Saving and loading data (scipy.io) - Time & Space Complexity
When saving or loading data with scipy.io, we want to know how the time needed changes as the data size grows.
We ask: How does the time to save or load data grow when the data gets bigger?
Analyze the time complexity of the following code snippet.
import numpy as np
from scipy import io
data = np.random.rand(1000, 1000) # Create a large array
io.savemat('datafile.mat', {'array': data}) # Save data to a .mat file
loaded = io.loadmat('datafile.mat') # Load data back from the file
This code creates a large array, saves it to a file, and then loads it back into memory.
- Primary operation: Reading or writing each element of the array to or from disk.
- How many times: Once for each element in the array (all 1,000,000 elements).
As the data size grows, the time to save or load grows roughly in proportion to the number of elements.
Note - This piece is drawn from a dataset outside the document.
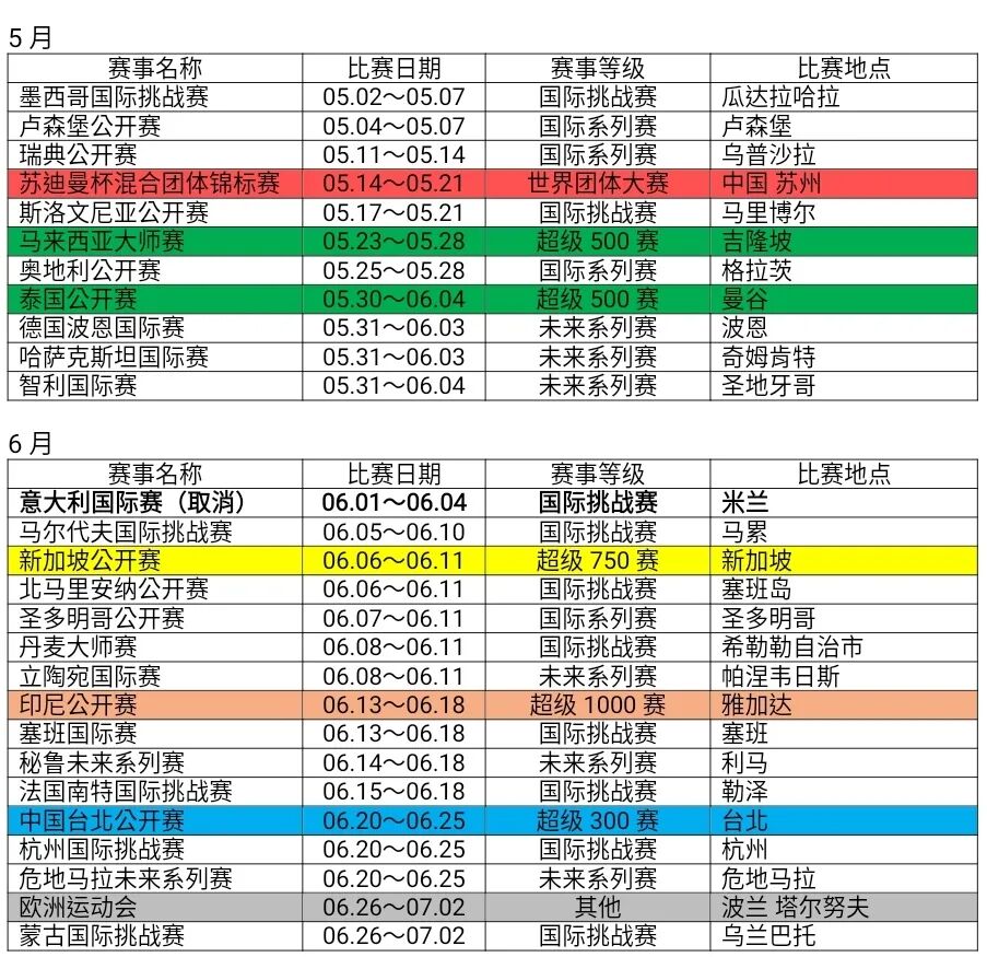 ,老葉為大家奉上更新後的2023年世界羽聯全年賽事總覽

| Input Size (n x n) | Approx. Operations |
|---|---|
| 10 x 10 | 100 |
| 100 x 100 | 10,000 |
| 1000 x 1000 | 1,000,000 |
Pattern observation: Doubling the size in each dimension multiplies the total operations by the square, so time grows linearly with total elements.
Time Complexity: O(n)
This means the time to save or load data grows directly with the number of elements in the data.
[X] Wrong: "Saving or loading data takes the same time no matter how big the data is."
[OK] Correct: The time depends on how many elements are saved or loaded, so bigger data takes more time.
Understanding how saving and loading time grows helps you handle large datasets efficiently and shows you know how data size affects performance.
"What if we compressed the data before saving? How would the time complexity change?"